◆ **WORK INSTRUCTION**
For this exercise, write out only the lines of the entries below from the one with "Protección y Rendimiento" up to and including the one with "Luxusné svadobné oznámenie", exactly as they are. Pictures stay out.

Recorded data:
· · ·

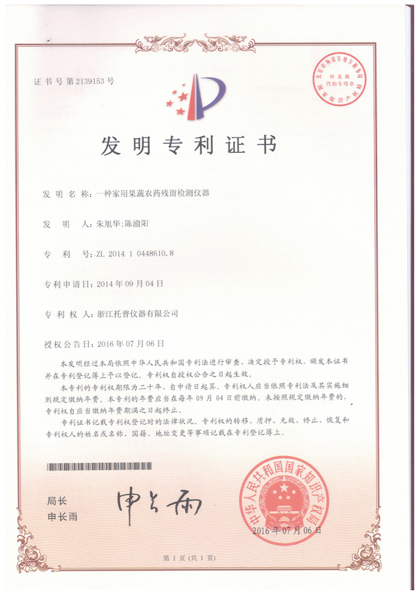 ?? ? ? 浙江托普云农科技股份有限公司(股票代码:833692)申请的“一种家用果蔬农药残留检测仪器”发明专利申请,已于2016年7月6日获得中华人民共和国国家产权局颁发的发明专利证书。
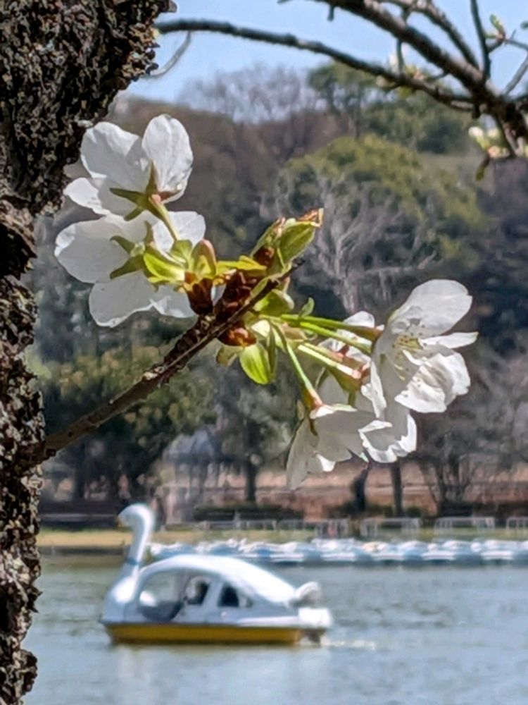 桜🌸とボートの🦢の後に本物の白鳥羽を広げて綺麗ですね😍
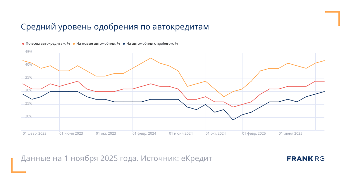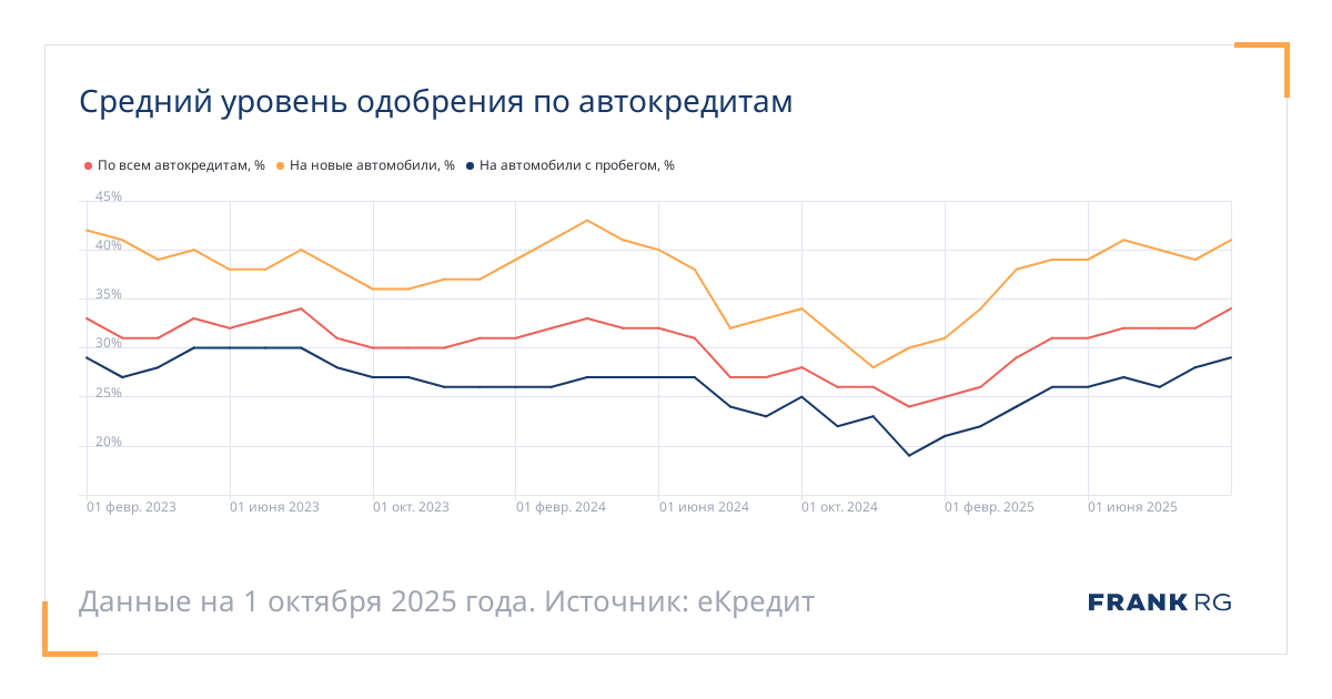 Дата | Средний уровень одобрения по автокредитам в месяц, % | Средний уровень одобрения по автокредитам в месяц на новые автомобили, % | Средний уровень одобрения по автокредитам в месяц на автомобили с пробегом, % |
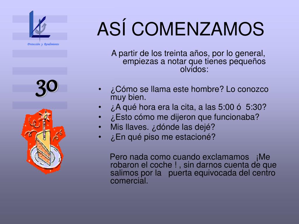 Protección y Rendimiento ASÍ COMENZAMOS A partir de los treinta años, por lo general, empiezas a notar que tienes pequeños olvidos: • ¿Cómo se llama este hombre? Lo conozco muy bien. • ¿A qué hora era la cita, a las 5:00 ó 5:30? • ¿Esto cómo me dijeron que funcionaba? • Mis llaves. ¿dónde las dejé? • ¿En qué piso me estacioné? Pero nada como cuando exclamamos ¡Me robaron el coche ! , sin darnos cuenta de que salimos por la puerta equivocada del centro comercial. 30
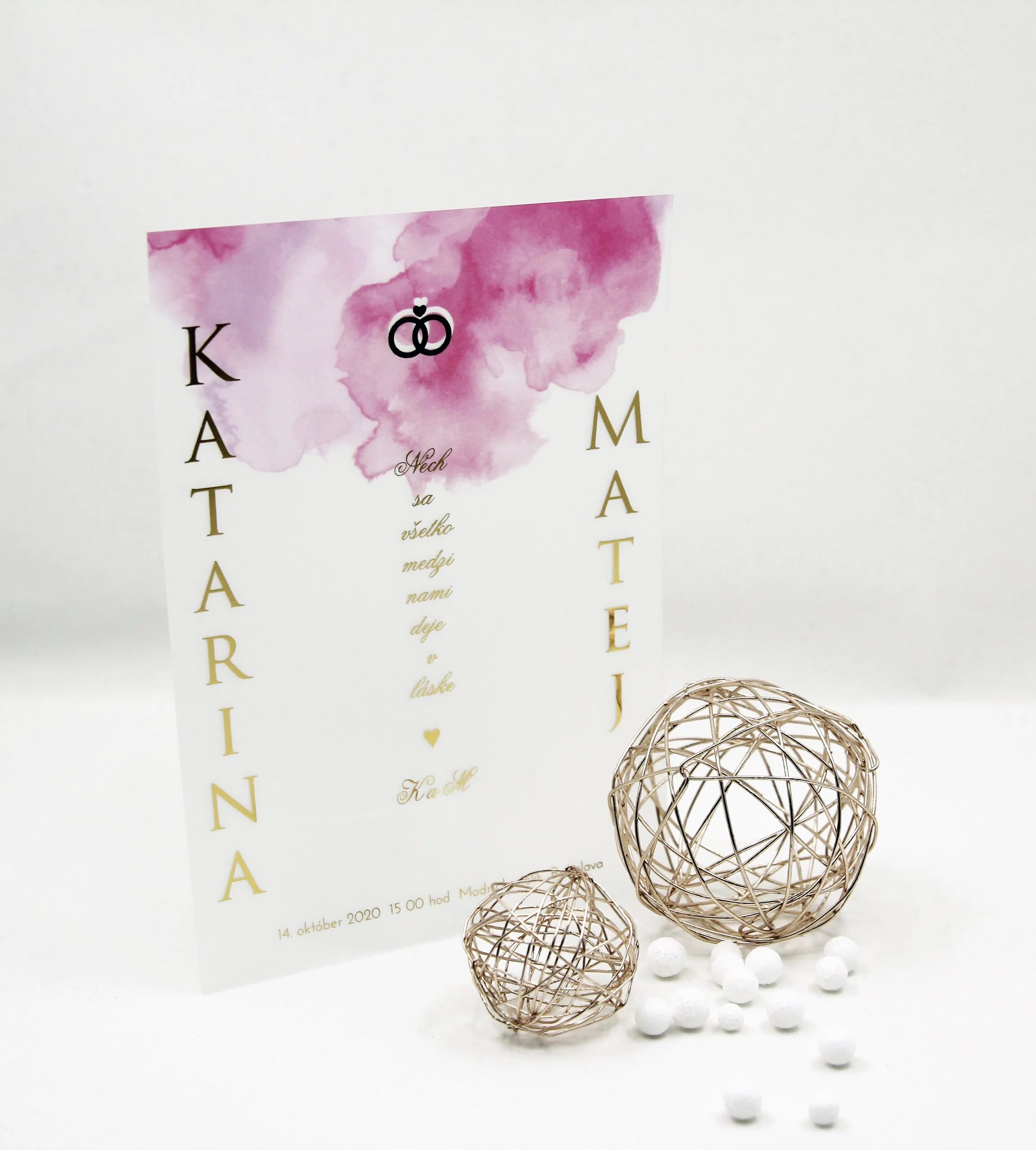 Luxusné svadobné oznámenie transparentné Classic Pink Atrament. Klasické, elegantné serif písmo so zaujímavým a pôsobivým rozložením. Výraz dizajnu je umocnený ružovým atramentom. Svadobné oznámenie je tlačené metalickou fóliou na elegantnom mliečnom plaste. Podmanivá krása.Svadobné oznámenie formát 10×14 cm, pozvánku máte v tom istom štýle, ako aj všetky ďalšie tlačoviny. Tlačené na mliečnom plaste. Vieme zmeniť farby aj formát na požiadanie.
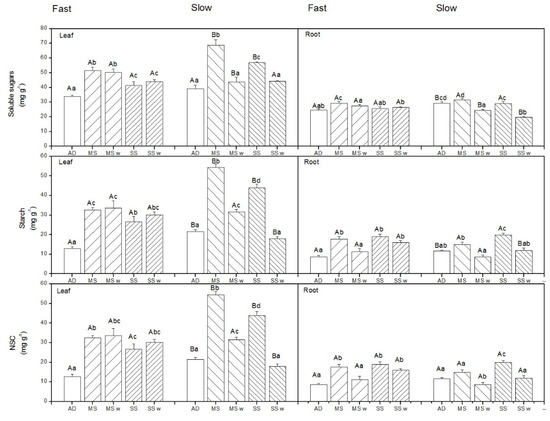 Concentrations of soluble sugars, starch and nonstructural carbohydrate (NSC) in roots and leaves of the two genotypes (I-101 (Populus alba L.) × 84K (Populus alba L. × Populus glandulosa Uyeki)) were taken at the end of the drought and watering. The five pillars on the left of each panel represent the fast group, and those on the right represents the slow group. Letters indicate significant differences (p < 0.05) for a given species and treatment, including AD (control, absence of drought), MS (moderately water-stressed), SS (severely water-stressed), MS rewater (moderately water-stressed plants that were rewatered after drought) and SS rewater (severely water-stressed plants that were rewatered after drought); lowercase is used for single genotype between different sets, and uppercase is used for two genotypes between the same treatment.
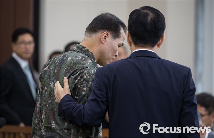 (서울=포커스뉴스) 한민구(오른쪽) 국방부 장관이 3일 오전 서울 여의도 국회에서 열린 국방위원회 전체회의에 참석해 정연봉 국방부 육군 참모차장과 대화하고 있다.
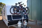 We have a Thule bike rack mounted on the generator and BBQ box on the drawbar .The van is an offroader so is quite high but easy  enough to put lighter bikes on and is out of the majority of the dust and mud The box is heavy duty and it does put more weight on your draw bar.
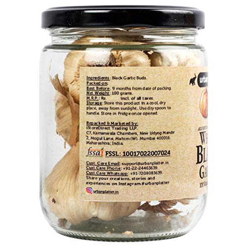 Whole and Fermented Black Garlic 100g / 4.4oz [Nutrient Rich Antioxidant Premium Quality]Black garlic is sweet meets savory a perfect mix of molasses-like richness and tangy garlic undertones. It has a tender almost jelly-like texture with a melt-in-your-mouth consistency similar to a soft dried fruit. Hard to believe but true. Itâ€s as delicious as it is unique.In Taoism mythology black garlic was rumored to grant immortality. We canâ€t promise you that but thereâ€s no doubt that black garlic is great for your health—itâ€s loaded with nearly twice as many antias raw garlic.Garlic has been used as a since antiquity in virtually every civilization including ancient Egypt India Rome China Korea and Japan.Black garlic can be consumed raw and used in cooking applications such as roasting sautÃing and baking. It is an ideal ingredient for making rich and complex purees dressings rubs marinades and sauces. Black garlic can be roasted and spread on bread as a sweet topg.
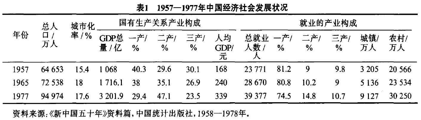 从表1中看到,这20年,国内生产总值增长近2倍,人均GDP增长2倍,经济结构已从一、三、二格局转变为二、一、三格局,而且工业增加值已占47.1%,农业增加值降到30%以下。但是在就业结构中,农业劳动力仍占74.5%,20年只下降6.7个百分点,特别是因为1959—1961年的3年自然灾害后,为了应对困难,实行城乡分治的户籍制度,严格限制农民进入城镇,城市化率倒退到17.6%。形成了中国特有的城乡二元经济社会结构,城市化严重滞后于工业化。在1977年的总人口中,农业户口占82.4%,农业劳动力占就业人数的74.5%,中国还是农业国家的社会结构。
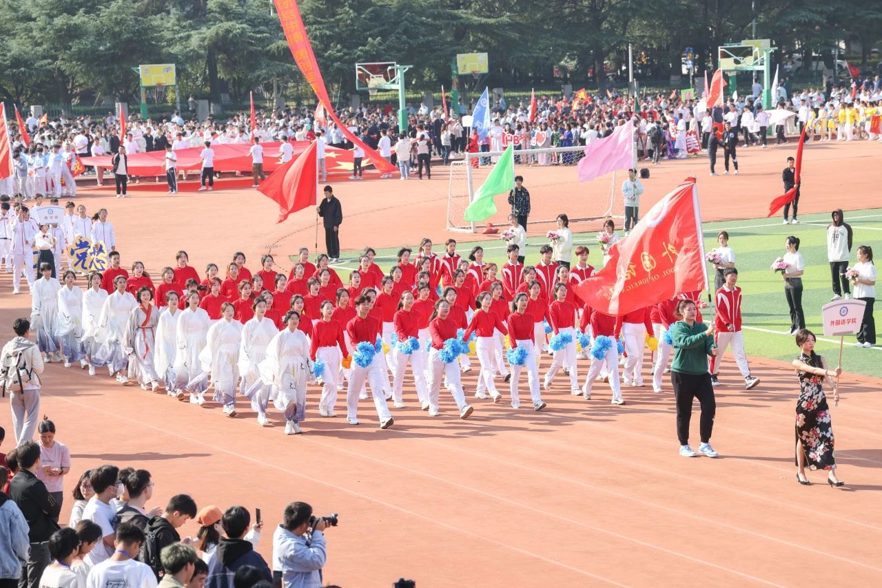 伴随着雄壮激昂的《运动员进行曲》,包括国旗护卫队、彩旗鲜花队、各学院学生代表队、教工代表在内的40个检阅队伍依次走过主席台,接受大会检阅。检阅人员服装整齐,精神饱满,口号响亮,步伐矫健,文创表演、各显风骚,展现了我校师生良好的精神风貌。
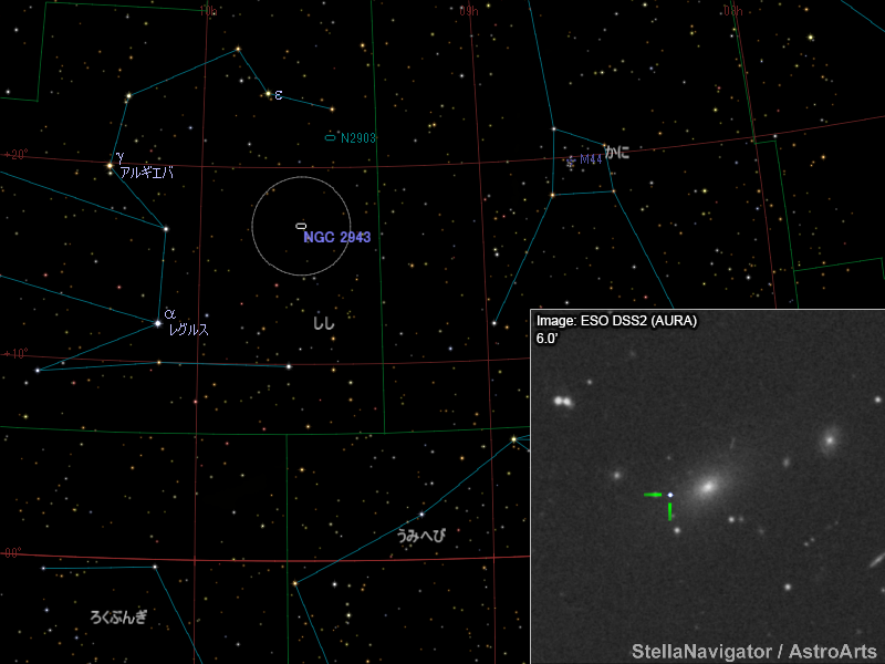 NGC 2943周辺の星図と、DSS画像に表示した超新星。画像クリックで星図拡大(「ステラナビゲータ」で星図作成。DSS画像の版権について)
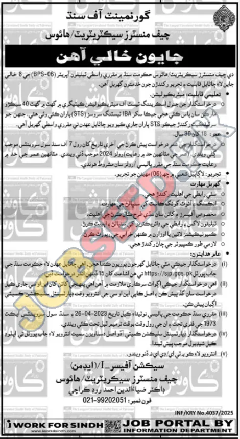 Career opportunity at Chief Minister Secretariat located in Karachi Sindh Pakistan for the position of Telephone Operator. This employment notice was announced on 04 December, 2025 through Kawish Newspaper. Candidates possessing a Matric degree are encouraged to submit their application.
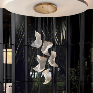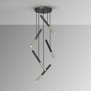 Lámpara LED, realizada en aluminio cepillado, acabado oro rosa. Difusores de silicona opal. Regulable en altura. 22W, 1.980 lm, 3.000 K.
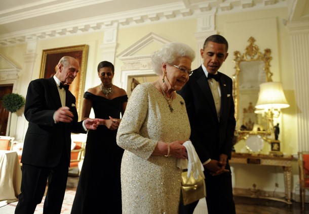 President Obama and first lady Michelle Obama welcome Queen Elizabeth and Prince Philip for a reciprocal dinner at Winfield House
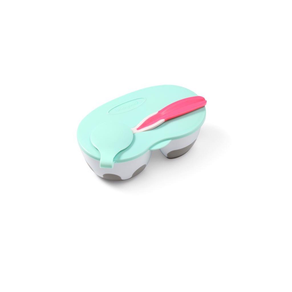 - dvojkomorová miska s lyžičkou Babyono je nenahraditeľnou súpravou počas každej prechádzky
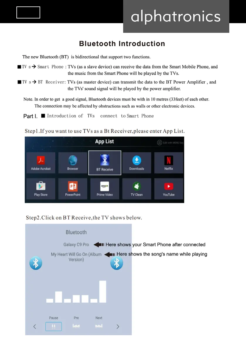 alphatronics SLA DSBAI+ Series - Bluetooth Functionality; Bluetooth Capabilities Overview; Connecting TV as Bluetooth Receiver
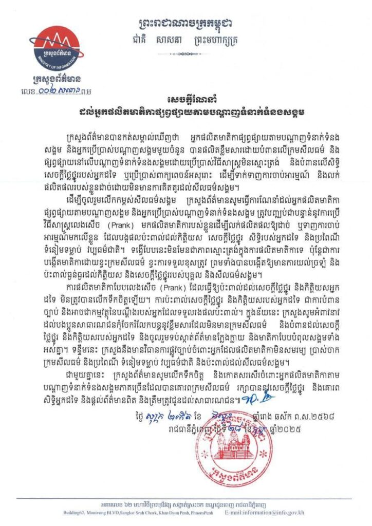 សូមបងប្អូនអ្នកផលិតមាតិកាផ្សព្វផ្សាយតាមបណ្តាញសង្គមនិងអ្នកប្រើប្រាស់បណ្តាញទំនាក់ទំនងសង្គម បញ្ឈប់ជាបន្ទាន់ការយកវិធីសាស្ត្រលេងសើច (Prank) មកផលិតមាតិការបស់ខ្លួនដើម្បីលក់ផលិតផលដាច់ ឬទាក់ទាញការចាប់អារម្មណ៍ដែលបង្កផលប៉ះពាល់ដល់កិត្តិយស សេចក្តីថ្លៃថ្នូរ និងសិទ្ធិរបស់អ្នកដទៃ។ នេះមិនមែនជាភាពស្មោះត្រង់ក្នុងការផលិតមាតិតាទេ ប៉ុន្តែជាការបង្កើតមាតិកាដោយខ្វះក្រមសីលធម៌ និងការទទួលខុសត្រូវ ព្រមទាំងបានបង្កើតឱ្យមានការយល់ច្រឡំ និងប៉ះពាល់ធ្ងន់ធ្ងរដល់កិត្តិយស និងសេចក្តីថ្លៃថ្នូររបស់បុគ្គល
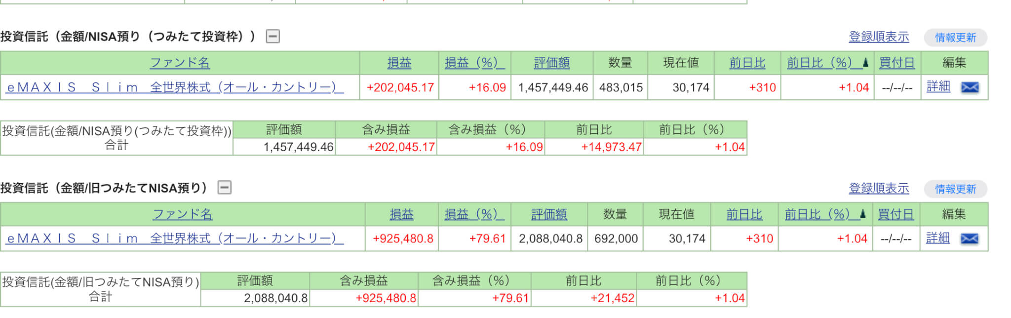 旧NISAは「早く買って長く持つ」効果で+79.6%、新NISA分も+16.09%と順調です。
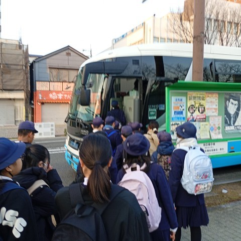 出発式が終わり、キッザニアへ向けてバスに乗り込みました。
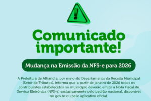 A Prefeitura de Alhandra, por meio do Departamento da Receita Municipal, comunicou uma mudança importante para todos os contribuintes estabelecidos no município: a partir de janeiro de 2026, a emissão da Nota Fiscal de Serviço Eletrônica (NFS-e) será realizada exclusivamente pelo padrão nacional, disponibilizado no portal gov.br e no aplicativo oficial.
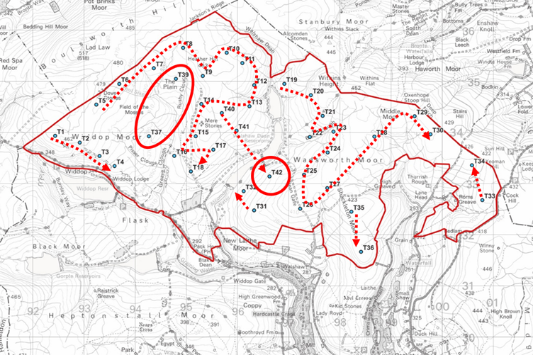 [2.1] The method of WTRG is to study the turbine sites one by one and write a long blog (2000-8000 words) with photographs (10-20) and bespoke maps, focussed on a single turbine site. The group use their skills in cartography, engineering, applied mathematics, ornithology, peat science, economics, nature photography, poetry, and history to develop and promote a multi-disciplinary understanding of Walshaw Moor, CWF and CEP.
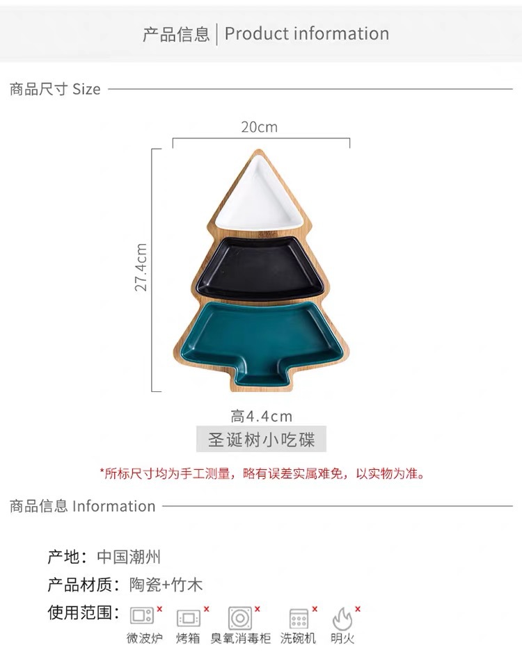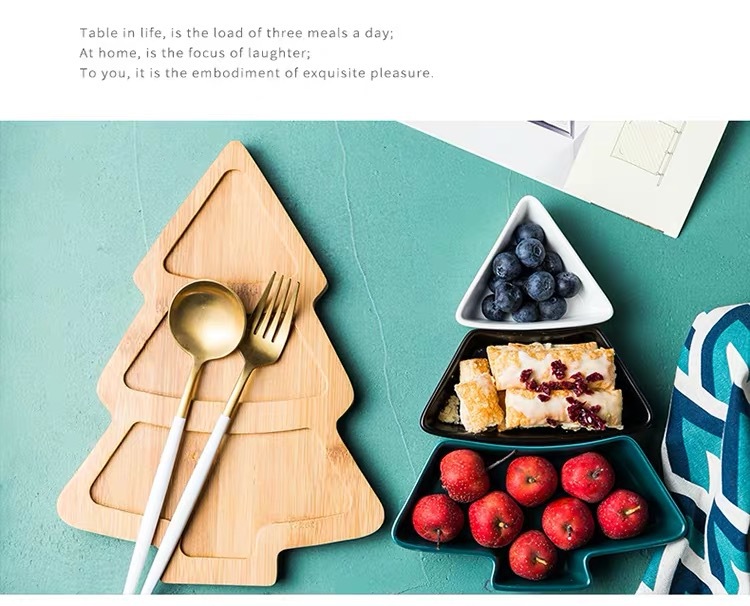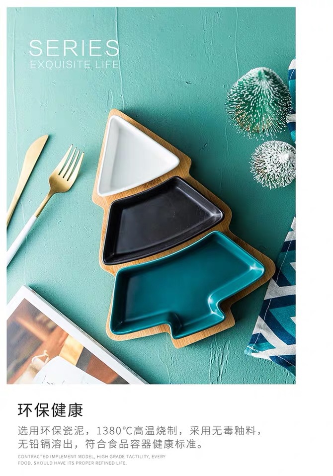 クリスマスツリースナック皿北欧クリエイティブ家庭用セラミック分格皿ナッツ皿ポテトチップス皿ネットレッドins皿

· · ·

◆ **COMPLETED EXERCISE**
 Protección y Rendimiento ASÍ COMENZAMOS A partir de los treinta años, por lo general, empiezas a notar que tienes pequeños olvidos: • ¿Cómo se llama este hombre? Lo conozco muy bien. • ¿A qué hora era la cita, a las 5:00 ó 5:30? • ¿Esto cómo me dijeron que funcionaba? • Mis llaves. ¿dónde las dejé? • ¿En qué piso me estacioné? Pero nada como cuando exclamamos ¡Me robaron el coche ! , sin darnos cuenta de que salimos por la puerta equivocada del centro comercial. 30
 Luxusné svadobné oznámenie transparentné Classic Pink Atrament. Klasické, elegantné serif písmo so zaujímavým a pôsobivým rozložením. Výraz dizajnu je umocnený ružovým atramentom. Svadobné oznámenie je tlačené metalickou fóliou na elegantnom mliečnom plaste. Podmanivá krása.Svadobné oznámenie formát 10×14 cm, pozvánku máte v tom istom štýle, ako aj všetky ďalšie tlačoviny. Tlačené na mliečnom plaste. Vieme zmeniť farby aj formát na požiadanie.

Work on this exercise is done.